Kurzum: Für die Kunden bedeutet jedes fehlende Fachgeschäft ein „deutliches Weniger an Beratung“. Die werde von „jungen Leuten mit gesunden Füßen“ zwar weniger in Anspruch genommen, doch auch diese Klientel „fordert unsere Beratung und bestellt dann im Internet“ – ein Kundenverhalten, mit dem alle Fachgeschäfte zunehmend konfrontiert sind.
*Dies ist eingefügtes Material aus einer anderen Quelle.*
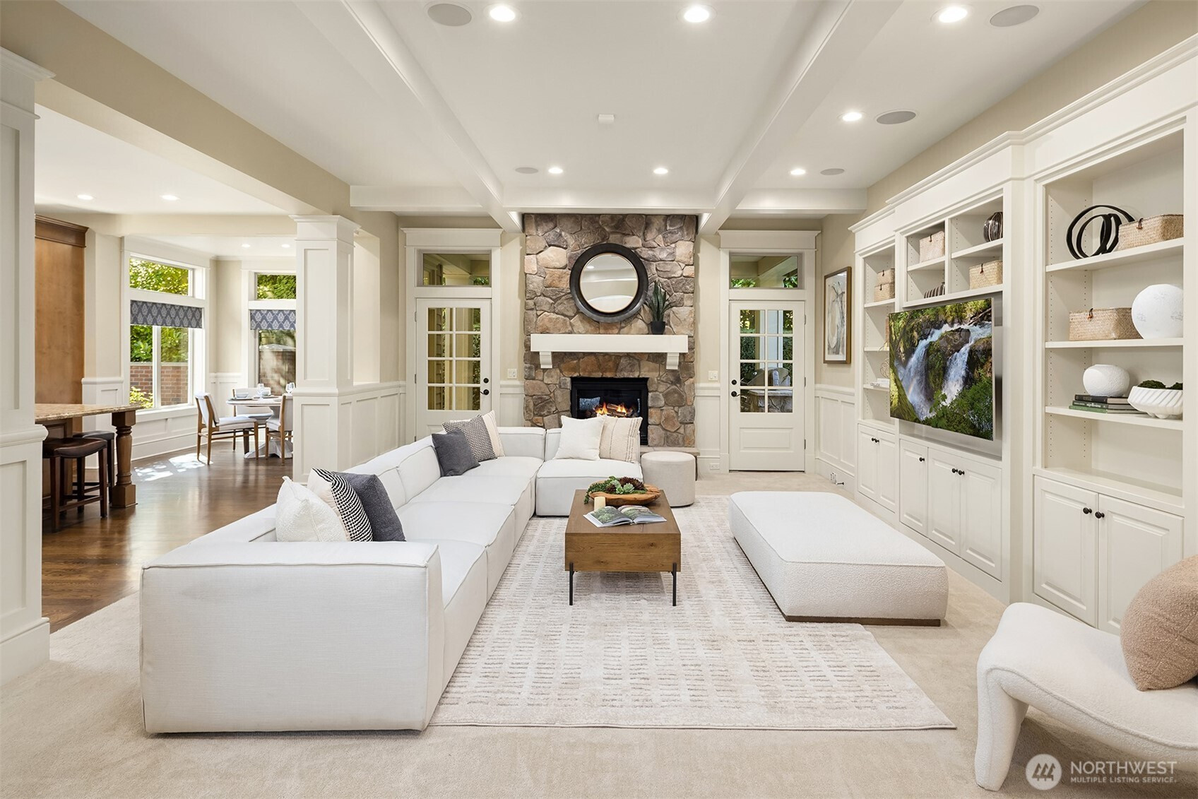 Tucked along a quiet, tree-lined street in Bellevue, this Worthington home evokes the effortless elegance of a Nantucket Coastal retreat. Classic shingle-style architecture, crisp trim, and balanced proportions create a warm, yet sophisticated presence, blending East Coast charm with modern Northwest living. Inside, light-filled interiors unfold with custom hardwoods, soft neutral tones and refined millwork throughout. The open concept main level is designed for both everyday living and elevated entertaing, anchored by a sun-drenched chef’s kitchen that flows seamlessly into expansive living and dining spaces. Large windows and glass doors invite natural light while connecting beautifully to the outdoor setting. Upstairs four serene bedroom suites offer privacy and comfort, including a luxurious primary retreat with spa-inspired bath and generous walk-in closet. Huge workout space, playroom (or 5th bedroom) and designated gift-wrapping area! The outdoor spaces complete the experience, offering a peaceful backdrop for entertaining or quiet moments, with room to dine, lounge, unwind and even practice your golf game. Three-car garage with big mudroom and utility room. Unmatched privacy and easy access to downtown, the waterfront, parks, and top-tier schools in the Bellevue School District (Medina Elementary). This home presents a rare opportunity to enjoy coastal-inspired living in one of the Eastside’s most sought after neighborhoods.

Doch abgesehen von all diesen Problemen gebe es noch ein weiteres Feld, das „den gesamten Einzelhandel“ betreffe. Schneider verweist auf die Personalsituation: „Es ist unheimlich schwierig, Fachkräfte zu finden. Und das gilt auch für Angelernte.“ Das liege zum einen an den Arbeitszeiten, zum anderen auch an der Vergütung. „Und die korreliert mit den Margen, die ja auch nicht steigen.“

Schneider kennt nach eigener Aussage die Branche, in der er „von der Pike auf“ sein gesamtes Berufsleben tätig war. Als er das Geschäft 1987 von seinem Vater übernahm, war das Kundenverhalten noch „ein völlig anderes als heute“. Zum einen seien die Kunden heute „angebotsorientiert“, zum anderen „kaum bereit, mehr auszugeben“. Die Schuhpreise selbst spiegeln das, „ganz anders als die allgemeine Preisentwicklung sind sie nämlich erstaunlich stabil: Markenschuhe beginnen bei rund 50 Euro, vor 20 Jahren waren es 99 oder 100 DM“, erinnert sich Schneider. Kurzum: Fachgeschäfte und der Schuhfachhandel im besonderen „beackern ein schwieriges Feld. Die Umsatzkeule trifft uns alle!“ Ein langfristiges Überleben könne alleine mit einem stationären Geschäft nicht gesichert werden, „ohne Versand, also Onlinehandel, kann man nicht überleben“. Das Problem dabei: „Der Online-Markt ist bereits besetzt. Sich da zu etablieren, erfordert entsprechende Investitionen und einen langen Atem.“

Trotz all dieser Gründe „fällt es mir nicht leicht, das Geschäft zu schließen“, sagt Schneider. Und auch an seine mitarbeitende Frau und die Angestellten – „wir sind ein tolles Team, bei uns gab es nie Probleme“ – denkt der Geschäftsmann. „Aber irgendwann muss man seine Entscheidung halt treffen. Bei mir halten sich die Emotionen und die Betriebswirtschaft die Waage.“ Dass er in den vergangenen Tagen „vielfach angesprochen wurde, weil unser ’Aufhören’ die Kunden mitnimmt“, das geht ihm nicht leicht über die Lippen. „Die Leute, oftmals langjährige Kunden, fragen uns, wo sie denn dann ihre Schuhe kaufen sollen“, erzählt Schneider. Noch können sie im Schuhhaus einkaufen, der Abverkauf läuft. „Beratung gibt’s natürlich auch noch.“

Was mit dem Geschäftshaus zukünftig geschehen wird, ist noch offen. „Zwei Interessenten haben sich schon gemeldet. Aber das ist jetzt noch zu früh, da müssen wir abwarten“, sagt Wilhelm Schneider.